On 2026-03-10 17:03:14 -0400, Peter Geoghegan wrote:
> On Tue, Feb 10, 2026 at 4:26 AM Jakub Wartak
> <jakub(dot)wartak(at)enterprisedb(dot)com> wrote:
> > I just worry that if get_actual_variable_range() starts reporting much worse
> > estimates what do we do then? Well maybe, we'll have pg_plan_advice then,
> > or maybe the depth (time?) of search should be somehow bound to the column's
> > statistics_target too, but on second thought it looks like it should be more
> > property of the query itself (so maybe some GUC?)
>
> The purpose of get_actual_variable_range is to get the extremal value
> in the index -- a single value from a single tuple. If we can't manage
> that by reading only 2 or 3 pages, then I see no good reason to
> believe we can by reading many more pages.
>
> In other words, we're perfectly justified in making a soft expectation
> that it'll require very little work to get an extremal value. But once
> we notice that our soft assumption doesn't hold, all bets are off --
> we're then justified in giving up relatively quickly.
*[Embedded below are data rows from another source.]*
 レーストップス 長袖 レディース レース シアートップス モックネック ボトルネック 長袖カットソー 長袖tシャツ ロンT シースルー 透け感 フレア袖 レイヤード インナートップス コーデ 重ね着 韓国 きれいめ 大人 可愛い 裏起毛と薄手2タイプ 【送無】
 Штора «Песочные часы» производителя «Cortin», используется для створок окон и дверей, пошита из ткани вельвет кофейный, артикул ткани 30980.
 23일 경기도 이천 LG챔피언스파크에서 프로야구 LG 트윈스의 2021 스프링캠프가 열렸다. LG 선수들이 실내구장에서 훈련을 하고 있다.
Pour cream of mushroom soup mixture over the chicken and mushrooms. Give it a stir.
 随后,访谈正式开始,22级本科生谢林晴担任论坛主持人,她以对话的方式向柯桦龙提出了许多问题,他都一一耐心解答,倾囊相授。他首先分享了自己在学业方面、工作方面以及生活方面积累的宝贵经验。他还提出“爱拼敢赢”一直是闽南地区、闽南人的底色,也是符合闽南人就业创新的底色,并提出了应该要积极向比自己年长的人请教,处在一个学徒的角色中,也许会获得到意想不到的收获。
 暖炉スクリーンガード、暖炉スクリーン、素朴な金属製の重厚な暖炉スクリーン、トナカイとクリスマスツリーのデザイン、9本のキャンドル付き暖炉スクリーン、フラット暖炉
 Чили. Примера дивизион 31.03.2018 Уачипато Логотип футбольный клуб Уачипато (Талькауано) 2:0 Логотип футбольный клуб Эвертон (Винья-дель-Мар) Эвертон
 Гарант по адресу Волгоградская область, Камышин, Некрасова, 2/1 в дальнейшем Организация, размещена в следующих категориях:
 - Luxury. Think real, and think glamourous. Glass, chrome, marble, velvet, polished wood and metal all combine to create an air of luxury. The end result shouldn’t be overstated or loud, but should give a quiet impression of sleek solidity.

Having several
> contiguous pages that are completely empty (or empty of
> non-LP_DEAD-marked tuples) at the extreme leftmost or rightmost en of
> the index is absolutely a pathological case. It strongly suggests a
> queue-like workload of the kind that my testing shows that
> VISITED_PAGES_LIMIT can't deal with sensibly.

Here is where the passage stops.